# Hauser 707 SF Rollerball issues



## Rojo22 (Jul 25, 2007)

I have recently added the Baron kit to my sales portfolio, and have had several of the rollerball cartridges not work at all, or not work very well.  I purchased these in the group buy this year, and have only had them for a short time.

Is there a trick to getting these to write well?  I have two that I use as demos, and they wrote well right out of the bag, but two I have given as gifts have been horrible, and the one I just presented to my boss came back this morning because it wouldnt write.  

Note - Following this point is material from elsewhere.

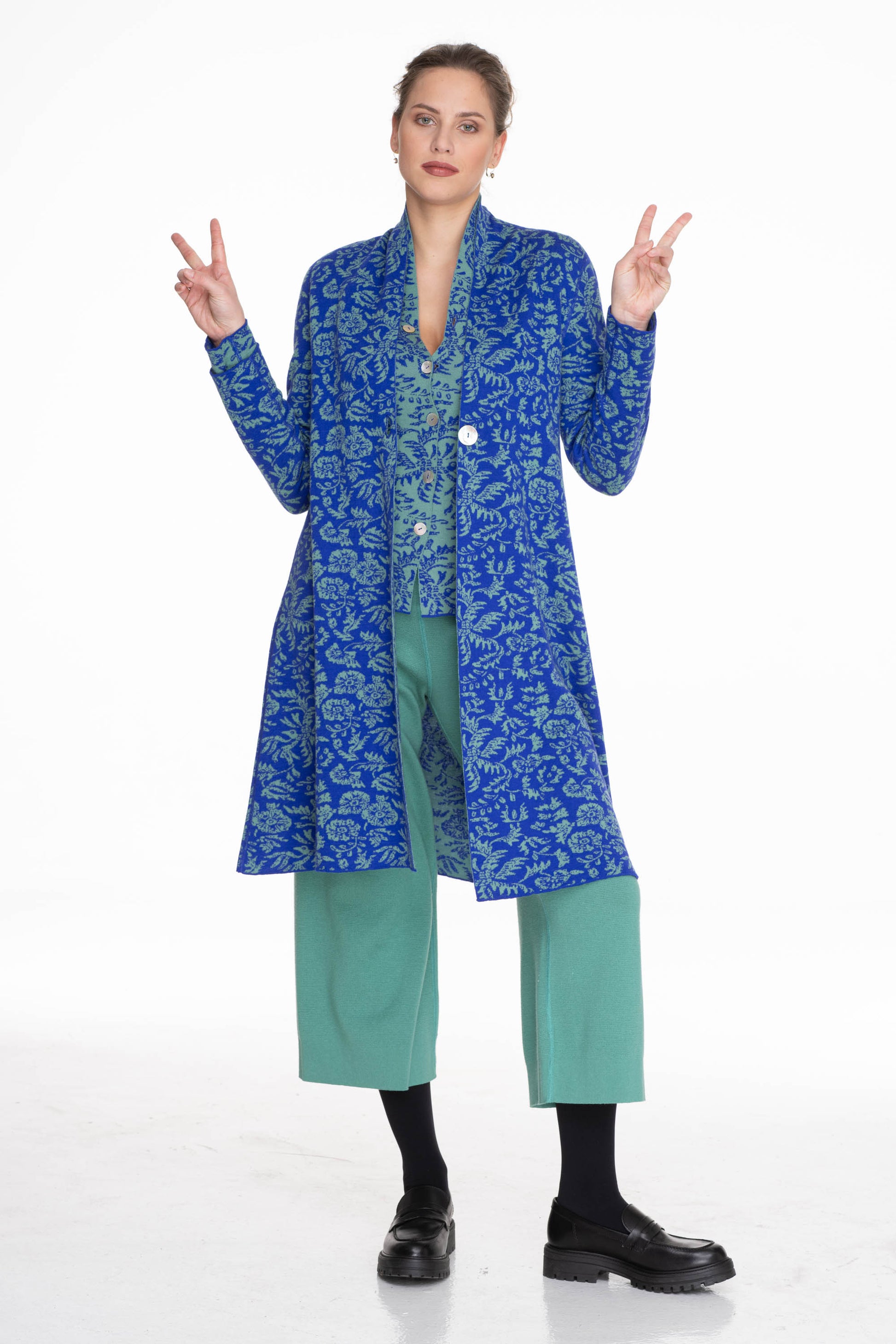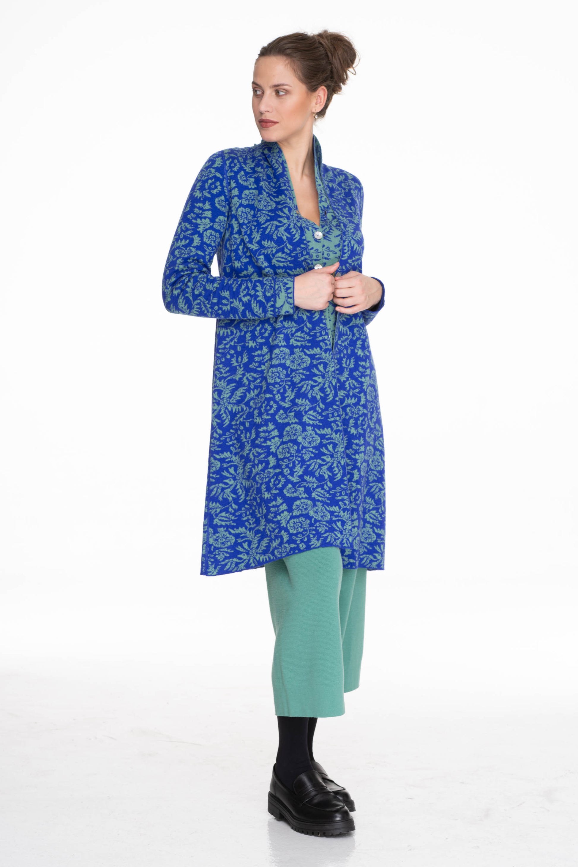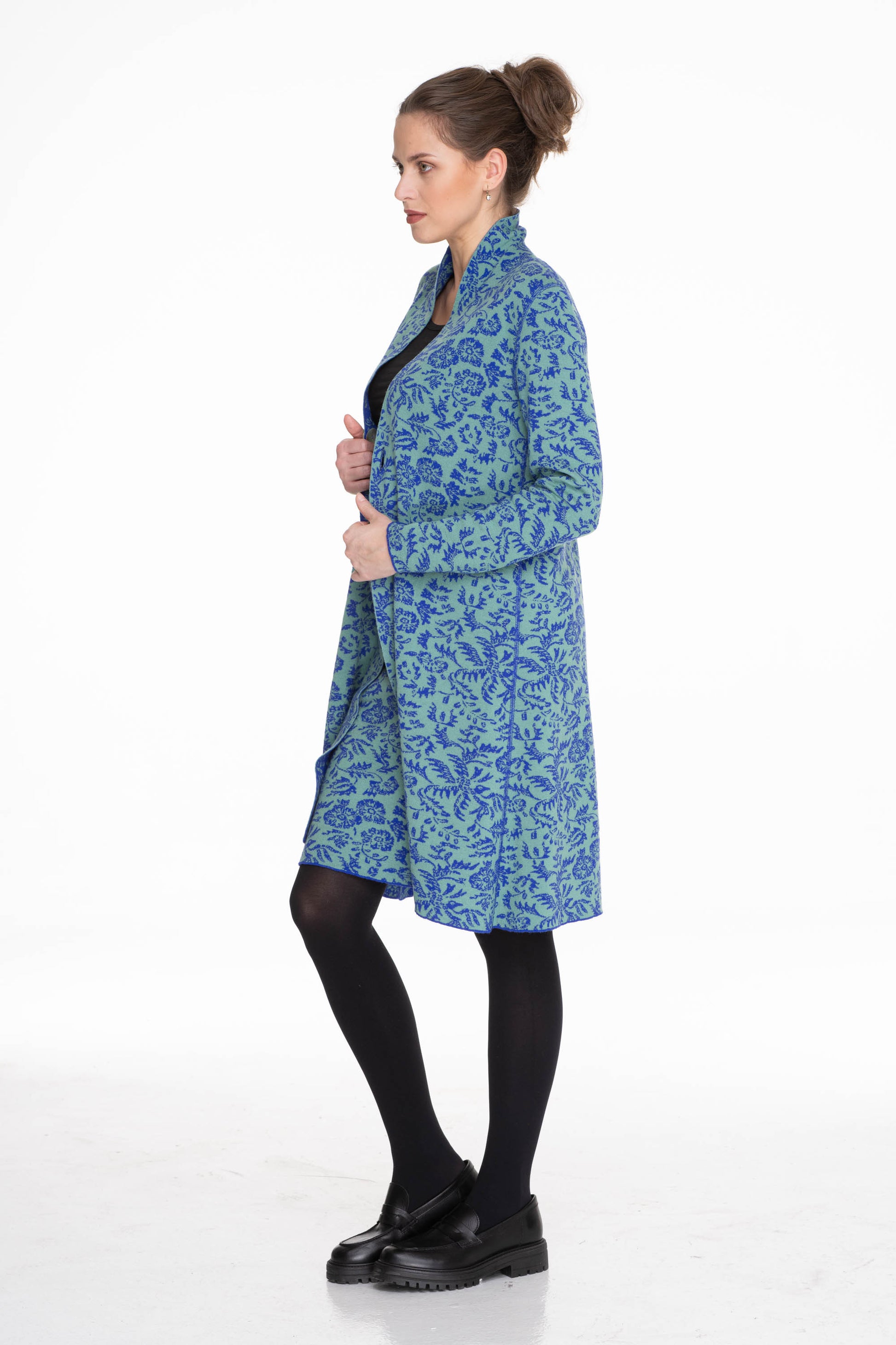 Oboustranný dlouhý rozšířený kabát/svetr s žakárovým vzorem /květinový vzor/

Any ideas?  Do you replace them with something else? I am going to ask the folks who sold the kit later on, but I just wanted to see if there was some help/experience out there first before asking the seller.  As always thanks for the information.


----------



## ed4copies (Jul 25, 2007)

Sometimes it seems the refills are just BAD.  Could be that being shipped from Germany to Taiwan, then to USA just doesn't enhance their performance.  Made a group of pens (Jr. Statesmen and Jr. Gents) for England the other day, 4 of the rollerballs leaked all over the pens (fortunately I "showed them off" to a friend who caught the problem, so I removed the refills (and cleaned the pens) before shipping off.

Periodically, I get crappy refills with the pens - I've always considered it a "occupational hazard".  Now, with the kits being so expensive, I should probably learn to complain.  

FWIW


----------



## arioux (Jul 25, 2007)

Hi,

This is just a personnal opinion but i begin to think that i should just trow away what ever comes with the kit a get new refils in.  We don't have any idea of how the kits were handled and in what condition the kits where stored.  If they where stored in a non heating container, in the freezing cold of a dock for several days or weeks, wich i suspect, no wonder why we have so many problems with some batches and none with others.

Just my .02 canadian cents, getting closer to the us$ [}]

Alfred


----------



## Rudy Vey (Jul 25, 2007)

Thats a common problem with the Hauser refills. They seem not last too long. I use them in the pens as the first refill, but always give a Schmidt refill for free with it. There was a group buy some time back and one could get them real cheap. I have contacted the person who run that buy, but he can not do this anymore, he said he needed to buy 2000 refills at a time.
However, there are other options. Some use the Pilot refills, I add also the Uniball refill to my list. The latter is supposedly the only one that is check-safe (whatever this means). I have tested both of these refills (approx 42 for a two-pack at Staples or else), but I must say they both tend to smear sometimes (I believe it depends on the paper, though). If you want to get them, take a sample refill to the store, they have a nice selection of refills.

The Schmidt, however, is still my favourite and it comes in two versions, the plastic (like the ones that come with Gents Jr) or the metal version that comes with the higher end kits of CSUSA. Both can be had at ant store/website etc that deals with pens and their refills.

I have bought here as well:
http://www.theinkflow.com/schmidt_cat.htm

BTW, giving away a free refill with sale of a $100 pen goes a long way - most of my customers are very appreciative of this .


----------



## ed4copies (Jul 25, 2007)

If I ever sell a $100 rollerball, I'll keep that in mind Rudy!!!!!

(Some guys are good, I ain't one of em!)[][][][]


----------



## Rifleman1776 (Jul 25, 2007)

First, look to see if the point has a protective covering. If it does, remove with your fingernail. As for brands, I believe the Schmidt is far and away the superior refill.


----------



## Rojo22 (Jul 25, 2007)

Thanks for the experience and information, I knew everyone would be able to offer me some insight. 

I have not seen a protective wax or other material on these cartridges, but I will look again. 

I will try and see what I can do for the metal refills if they fit the same as the plastic ones, and see what that costs per pen.  I prefer the Hauser refills myself, and would like to offer them if possible.


----------



## wdcav1952 (Jul 25, 2007)

Two quotes from Ed4Copies:

I should probably learn to complain

Just who do you think you are kidding/!?!?!?!?!?

(Some guys are good, I ain't one of em!)

Ahh, truth from the Mouth of Wisconsin!! 

[}][][][}][][]


----------